London dispersion forces affect boiling point. For example, larger atoms have stronger London dispersion forces affecting them, thus holding them together stronger, increasing the energy required to pull them apart and thus the boiling temperature. So, for example, the boiling points of ideal gazes increase with size: helium: -269 degrees C, neon: -246 degrees C, argon: -186 degrees C, etc, up to radon: -62 degrees C (note that the temperatures are below zero, so -62 is actually greater than -269 degrees C).

Similar principle applies to molecules, such as CHCl3 and CCl4. While one might expect CHCl3 to have greater boiling temperature than CCl4 because it is polar, and has a permanent dipole, while CCl4 is symmetric and does not contain a permanent dipole, both molecules have approximately equal boiling points with CCl4 slightly GREATER than CHCl3. This is because CCl4 has more electrons around it because of the extra chloride atom, so that the induced dipoles are strong, and London dispersion forces holding the molecules together are also strong.

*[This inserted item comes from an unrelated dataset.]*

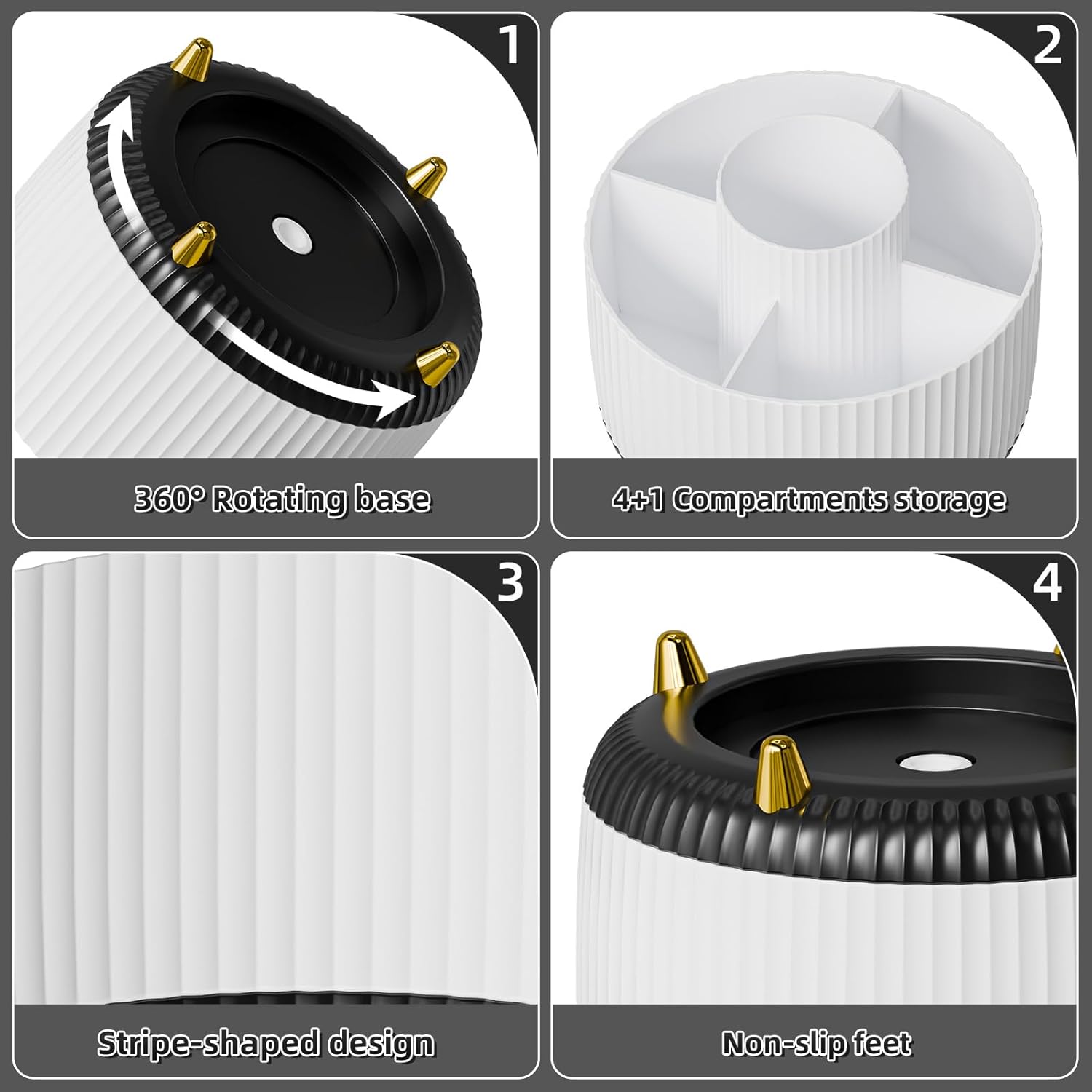 Marbrasse Desk Organizer, 360-Degree Rotating Pen Holder, Desk Organizers and Accessories with 5 Compartments Pencil Holder, Art Supply Storage Box Caddy for Office, Home (White+Black)
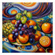 A.I. creó la composición surrealista de un arreglo de una variedad de frutas de diversas formas, tamaños y colores que satisfacían los sentidos del artista.

For more information about London Dispersion Force, check http://en.wikipedia.org/wiki/Van_der_Waals_force

Answer 2

London and dipole forces are intermolecular forces or forces that hold separate molecules together. The stronger the forces the more energy that is required to separate the molecules which is what happens when you change phase from a liquid to a gas. To supply more energy, higher temperatures are required. So, stronger forces cause higher boiling points. London forces tend to increase with increasing molecular weight but if dipole forces are present they will dominate the interaction since dipole forces are stronger than London forces.